Top of PROVIDED MATERIAL
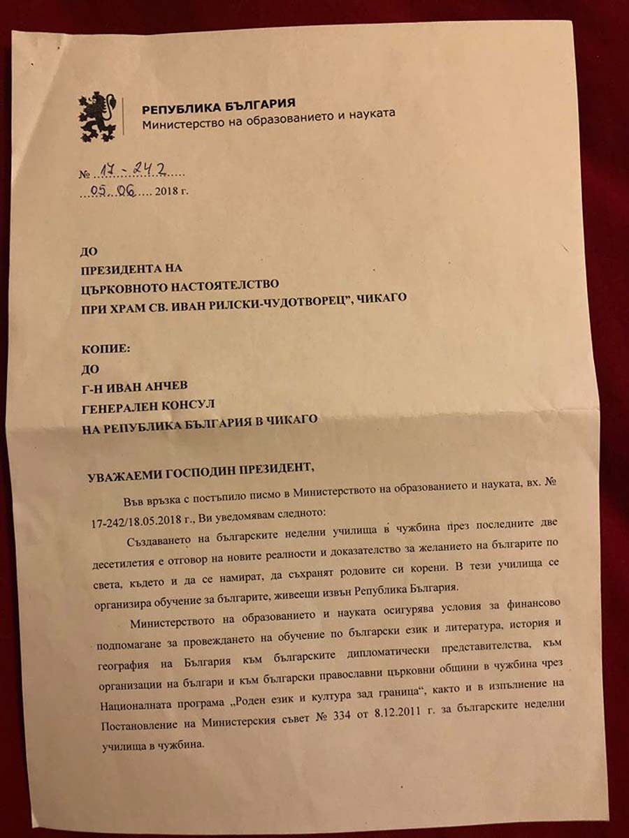 Следва още един документ по темата. Това е писмо на българския генерален консул в Чикаго Иван Анчев до председателя на църковното настоятелство Георги Флеминг и до свещеника на храма отец Димитър, изпратено на 19 юни т.г. С това писмо г-н Анчев уведомява г-н Флеминг и отец Димитър, че субсидията за българското училище към храма вече ще се изплаща чрез Генералното консулство, както и, че църковното настоятелство трябва да върне на училището сумата от $ 2564.36.
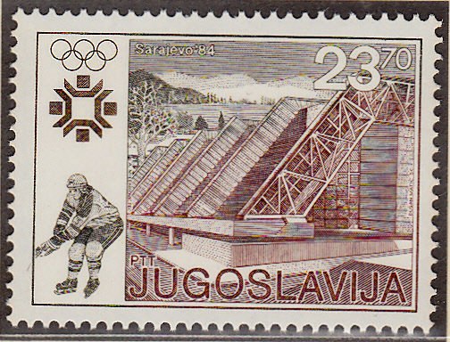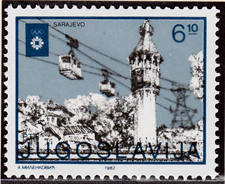 Die dritten Marke (MiNr 2009) der Serie gewährt einen Einblick in die Kombiniert Bob- und Rodelbahn auf dem Berg Trebević.
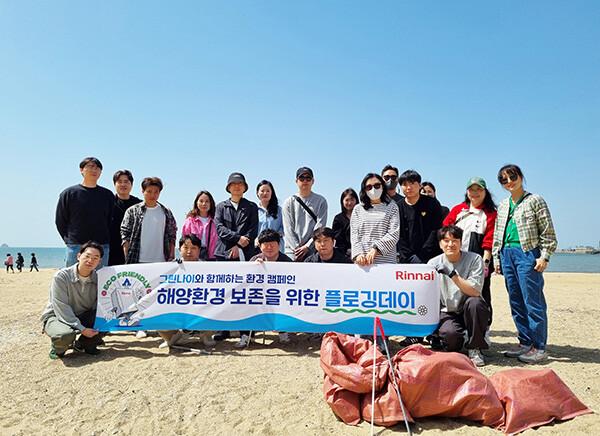 | ▲ 린나이 임직원들이 안산 방아머리 해변에서 플로깅 활동을 진행했다. |
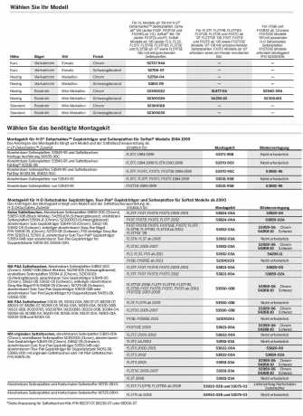 Passend für Harley-Davidson Softail FXST, FXSTB, FXSTS, FXSB, FXSBSE, FXSTSSE/2/3,FLSTFSE2, FLSTSE/2/3, FLST, FLSTF, FLSTFB, FLSTN,FLSTNSE, FLSTSB, FLSTSC Modelle ab ’00 mit oder ohne Satteltaschen (außer Heritage Satteltaschen P/N 90876-05). Erfordert das Montagekit und ggf. eine Blinkerverlegung. Siehe Übersicht für das jeweilige Modell.
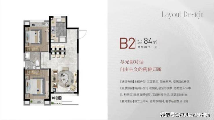 建面约84㎡2房2厅1卫,做到了双开间朝南+双卧室带飘窗+动静分离,非常宽敞的2房户型。
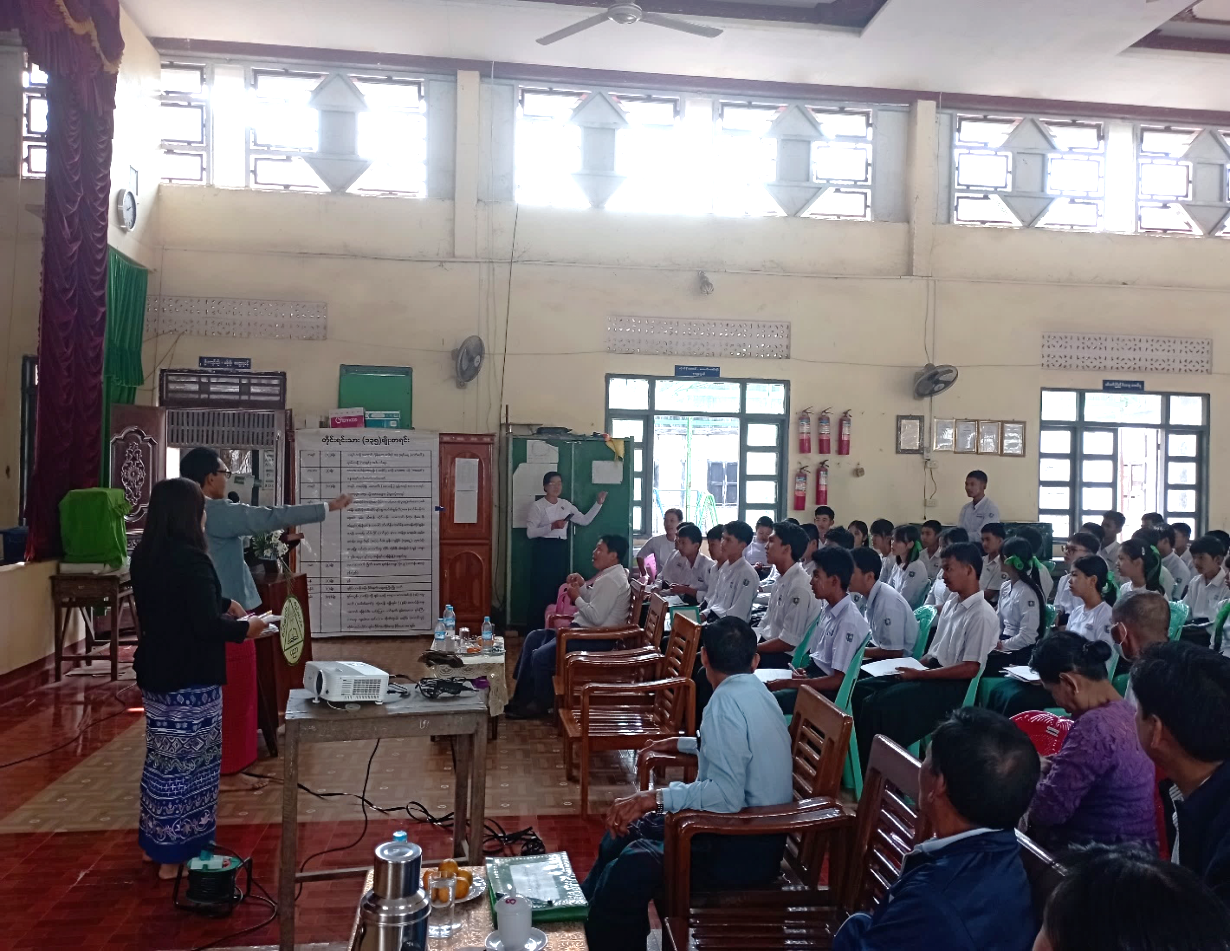 ထို့နောက် ပတ်ဝန်းကျင်ထိန်းသိမ်းရေးဦးစီးဌာန၊ လက်ထောက်ညွှန်ကြားရေးမှူး ဦးကျော်ဆန်းက ပတ်ဝန်းကျင်စီမံခန့်ခွဲမှုနှင့် ရာသီဥတုပြောင်းလဲမှုဆိုင်ရာ ကိစ္စရပ်များအား ပတ်ဝန်းကျင်နှင့် လူငယ်ခေါင်းစဉ်ဖြင့် လည်းကောင်း၊ လူမှုဝန်ထမ်းဦးစီးဌာနမှ ဦးစီးအရာရှိ ဒေါ်စောဥမ္မာက ကလေးအလုပ်သမား ပပျောက်ရေးဆိုင်ရာ ကိစ္စရပ်များနှင့် ကလေးသူငယ် အခွင့်အရေးဆိုင်ရာ ကိစ္စရပ်များအား လည်းကောင်း၊ မြို့နယ်စီမံအုပ်ချုပ်ရေးကောင်စီအဖွဲ့ဝင် (၂) ဦးဝင်းတင်က ကျောင်းသား၊ ကျောင်းသူများ၏ ပညာရေးဆိုင်ရာကိစ္စရပ်များနှင့် ဗလငါးတန် ဖွံ့ဖြိုးရေးဆိုင်ရာကိစ္စရပ်များ၊ ပညာရေးနှင့် လူငယ်ခေါင်းစဉ်စသည်ဖြင့် ကျောင်းသား၊ ကျောင်းသူ များနှင့် အပြန် အလှန်ဆွေးနွေးခဲ့ကြပြီး တိုင်းရင်းသားစာပေနှင့် ယဉ်ကျေးမှုဦးစီးဌာန၊ ကရင် ပြည်နယ်၊ ညွှန်ကြားရေးမှူးရုံးမှ ဦးစီးအရာရှိ ဒေါ်မြတ်သီရိအောင်က တိုင်းရင်းသားဘာသာသင် ဆရာ၊ ဆရာမ Teaching Assistant (TA)နှင့် Language Teacher (LT) များခန့်အပ်ထားမှု ကိစ္စများ၊ ဦးစီးဌာန၏ ဆောင်ရွက်နေမှု အခြေအနေများအား ရှင်းလင်းပြောကြားခဲ့ပါသည်။
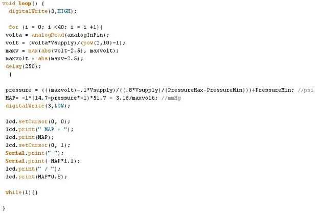 La presión aplicada (presión) se calcula usando la ecuación en la hoja de datos del transductor. Sin embargo, se utilizó un transductor diferencial, que significa la presión calculamos es realmente la diferencia entre los puertos 1 y 2. El mapa es la presión en el puerto 2 y se calcula restando la presión de la presión atmosférica es de 14.7 psi. Este valor se multiplica por 51.7 dar mapa en unidades de mmHg. Hay un término adicional en la ecuación para el mapa. Después de tomar varias medidas, notamos que una presión compensada que disminuye la tensión de aumento. Nos compensa esto restando "3.16/maxvolt" de la presión. Se obtuvo este valor promedio de la compensación de presión y relativos a la tensión medida. Una vez el se sale del bucle y mapa calculado, Pin 3 se escribe poco y la válvula libera el aire de la muñequera.
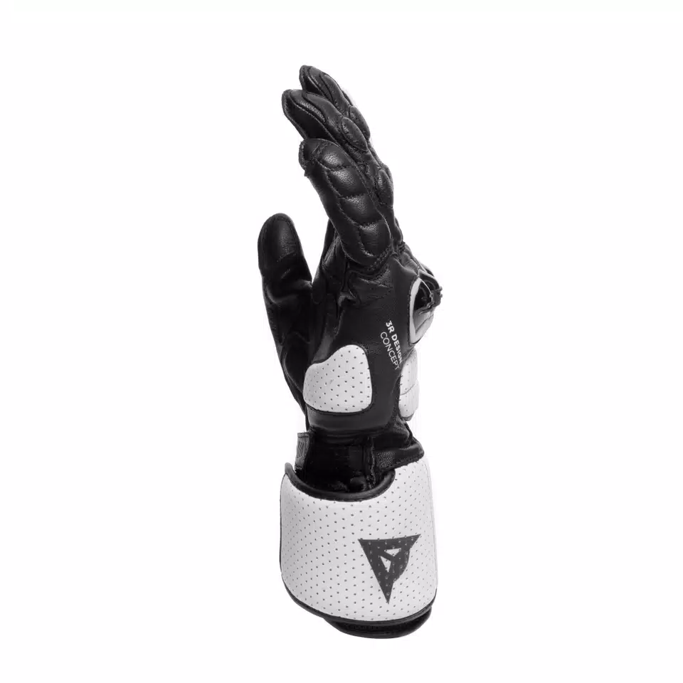 Touchscreen-compatible fingertips on the index finger allow riders to operate smartphones or GPS systems without removing the gloves. The overall design is sleek and sporty, with subtle Dainese branding and a fit that mirrors the contours of the rider’s hand for maximum control and comfort.
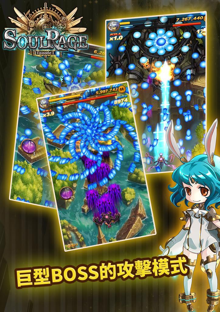 灵魂愤怒(Soul Rage)是一款有着创意弹幕设计,顶级死亡射线的射击类手游!是2015年新复古弹幕STG出现!如果你厌倦了蹩脚的STG,想要享受更加困难和有趣的愤怒之魂那么,我们邀请您玩这个最好的弹幕STG
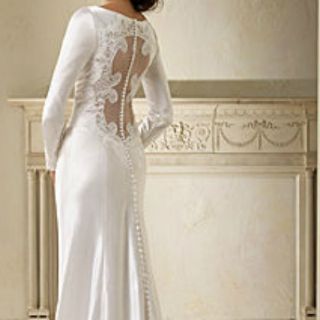 Durante el último filme, “Bella” (Kristen Stewart), en su boda con “Edward Cullen” (Robert Pattinson) utilizó un vestido blanco clásico, con 100 botones en la espalda, hecho con encaje y satín.
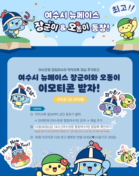 (포탈뉴스통신) 여수시가 새롭게 리뉴얼된 마스코트 ‘장군이·오동이’ 카카오톡 이모티콘을 오는 26일 오후 2시부터 선착순 2만 5천 명에게 무료로 배포한다고 밝혔다.
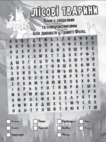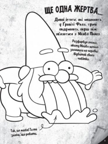 Цікаво, що приховує ця книжка? Авжеж загадкові пригоди близнюків Діппера та Мейбл і їхніх друзів. На сторінках безліч головоломок, розфарбовок й, звичайно, таємниць. Приготуйтеся вирушати у цікаву подорож разом із улюбленими персонажами Ґравіті Фолз!
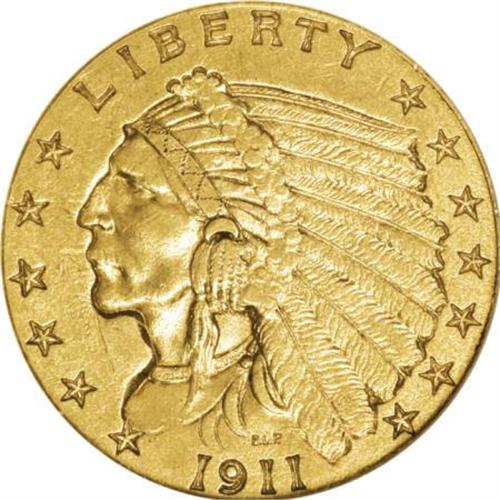<B>1911-D $2 1/2 AU55 NGC.</B></I> The mintmark is well outlined if not bold on this key-date example, with further proof coming in the form of the wire rim always seen on the right obverse rim. This greenish-gold example offers delightful luster, with scant wear limited to the highpoints and only a couple of tiny abrasions.<BR><BR><B>Coin Engraver:</B> Bela Lyon Pratt<BR><BR><b>Shipping:</b> Coins & Currency (<a target="_blank" href="http://www.heritageauctions.com/common/shipping.php">view shipping information</a>)
Bottom of PROVIDED MATERIAL
Copy out the entries verbatim, but skip every picture.

ANSWER SECTION
 Следва още един документ по темата. Това е писмо на българския генерален консул в Чикаго Иван Анчев до председателя на църковното настоятелство Георги Флеминг и до свещеника на храма отец Димитър, изпратено на 19 юни т.г. С това писмо г-н Анчев уведомява г-н Флеминг и отец Димитър, че субсидията за българското училище към храма вече ще се изплаща чрез Генералното консулство, както и, че църковното настоятелство трябва да върне на училището сумата от $ 2564.36.
 Die dritten Marke (MiNr 2009) der Serie gewährt einen Einblick in die Kombiniert Bob- und Rodelbahn auf dem Berg Trebević.
 | ▲ 린나이 임직원들이 안산 방아머리 해변에서 플로깅 활동을 진행했다. |
 Passend für Harley-Davidson Softail FXST, FXSTB, FXSTS, FXSB, FXSBSE, FXSTSSE/2/3,FLSTFSE2, FLSTSE/2/3, FLST, FLSTF, FLSTFB, FLSTN,FLSTNSE, FLSTSB, FLSTSC Modelle ab ’00 mit oder ohne Satteltaschen (außer Heritage Satteltaschen P/N 90876-05). Erfordert das Montagekit und ggf. eine Blinkerverlegung. Siehe Übersicht für das jeweilige Modell.
 建面约84㎡2房2厅1卫,做到了双开间朝南+双卧室带飘窗+动静分离,非常宽敞的2房户型。
 ထို့နောက် ပတ်ဝန်းကျင်ထိန်းသိမ်းရေးဦးစီးဌာန၊ လက်ထောက်ညွှန်ကြားရေးမှူး ဦးကျော်ဆန်းက ပတ်ဝန်းကျင်စီမံခန့်ခွဲမှုနှင့် ရာသီဥတုပြောင်းလဲမှုဆိုင်ရာ ကိစ္စရပ်များအား ပတ်ဝန်းကျင်နှင့် လူငယ်ခေါင်းစဉ်ဖြင့် လည်းကောင်း၊ လူမှုဝန်ထမ်းဦးစီးဌာနမှ ဦးစီးအရာရှိ ဒေါ်စောဥမ္မာက ကလေးအလုပ်သမား ပပျောက်ရေးဆိုင်ရာ ကိစ္စရပ်များနှင့် ကလေးသူငယ် အခွင့်အရေးဆိုင်ရာ ကိစ္စရပ်များအား လည်းကောင်း၊ မြို့နယ်စီမံအုပ်ချုပ်ရေးကောင်စီအဖွဲ့ဝင် (၂) ဦးဝင်းတင်က ကျောင်းသား၊ ကျောင်းသူများ၏ ပညာရေးဆိုင်ရာကိစ္စရပ်များနှင့် ဗလငါးတန် ဖွံ့ဖြိုးရေးဆိုင်ရာကိစ္စရပ်များ၊ ပညာရေးနှင့် လူငယ်ခေါင်းစဉ်စသည်ဖြင့် ကျောင်းသား၊ ကျောင်းသူ များနှင့် အပြန် အလှန်ဆွေးနွေးခဲ့ကြပြီး တိုင်းရင်းသားစာပေနှင့် ယဉ်ကျေးမှုဦးစီးဌာန၊ ကရင် ပြည်နယ်၊ ညွှန်ကြားရေးမှူးရုံးမှ ဦးစီးအရာရှိ ဒေါ်မြတ်သီရိအောင်က တိုင်းရင်းသားဘာသာသင် ဆရာ၊ ဆရာမ Teaching Assistant (TA)နှင့် Language Teacher (LT) များခန့်အပ်ထားမှု ကိစ္စများ၊ ဦးစီးဌာန၏ ဆောင်ရွက်နေမှု အခြေအနေများအား ရှင်းလင်းပြောကြားခဲ့ပါသည်။
 La presión aplicada (presión) se calcula usando la ecuación en la hoja de datos del transductor. Sin embargo, se utilizó un transductor diferencial, que significa la presión calculamos es realmente la diferencia entre los puertos 1 y 2. El mapa es la presión en el puerto 2 y se calcula restando la presión de la presión atmosférica es de 14.7 psi. Este valor se multiplica por 51.7 dar mapa en unidades de mmHg. Hay un término adicional en la ecuación para el mapa. Después de tomar varias medidas, notamos que una presión compensada que disminuye la tensión de aumento. Nos compensa esto restando "3.16/maxvolt" de la presión. Se obtuvo este valor promedio de la compensación de presión y relativos a la tensión medida. Una vez el se sale del bucle y mapa calculado, Pin 3 se escribe poco y la válvula libera el aire de la muñequera.
 Touchscreen-compatible fingertips on the index finger allow riders to operate smartphones or GPS systems without removing the gloves. The overall design is sleek and sporty, with subtle Dainese branding and a fit that mirrors the contours of the rider’s hand for maximum control and comfort.
 灵魂愤怒(Soul Rage)是一款有着创意弹幕设计,顶级死亡射线的射击类手游!是2015年新复古弹幕STG出现!如果你厌倦了蹩脚的STG,想要享受更加困难和有趣的愤怒之魂那么,我们邀请您玩这个最好的弹幕STG
 Durante el último filme, “Bella” (Kristen Stewart), en su boda con “Edward Cullen” (Robert Pattinson) utilizó un vestido blanco clásico, con 100 botones en la espalda, hecho con encaje y satín.
 (포탈뉴스통신) 여수시가 새롭게 리뉴얼된 마스코트 ‘장군이·오동이’ 카카오톡 이모티콘을 오는 26일 오후 2시부터 선착순 2만 5천 명에게 무료로 배포한다고 밝혔다.
 Цікаво, що приховує ця книжка? Авжеж загадкові пригоди близнюків Діппера та Мейбл і їхніх друзів. На сторінках безліч головоломок, розфарбовок й, звичайно, таємниць. Приготуйтеся вирушати у цікаву подорож разом із улюбленими персонажами Ґравіті Фолз!
<B>1911-D $2 1/2 AU55 NGC.</B></I> The mintmark is well outlined if not bold on this key-date example, with further proof coming in the form of the wire rim always seen on the right obverse rim. This greenish-gold example offers delightful luster, with scant wear limited to the highpoints and only a couple of tiny abrasions.<BR><BR><B>Coin Engraver:</B> Bela Lyon Pratt<BR><BR><b>Shipping:</b> Coins & Currency (<a target="_blank" href="http://www.heritageauctions.com/common/shipping.php">view shipping information</a>)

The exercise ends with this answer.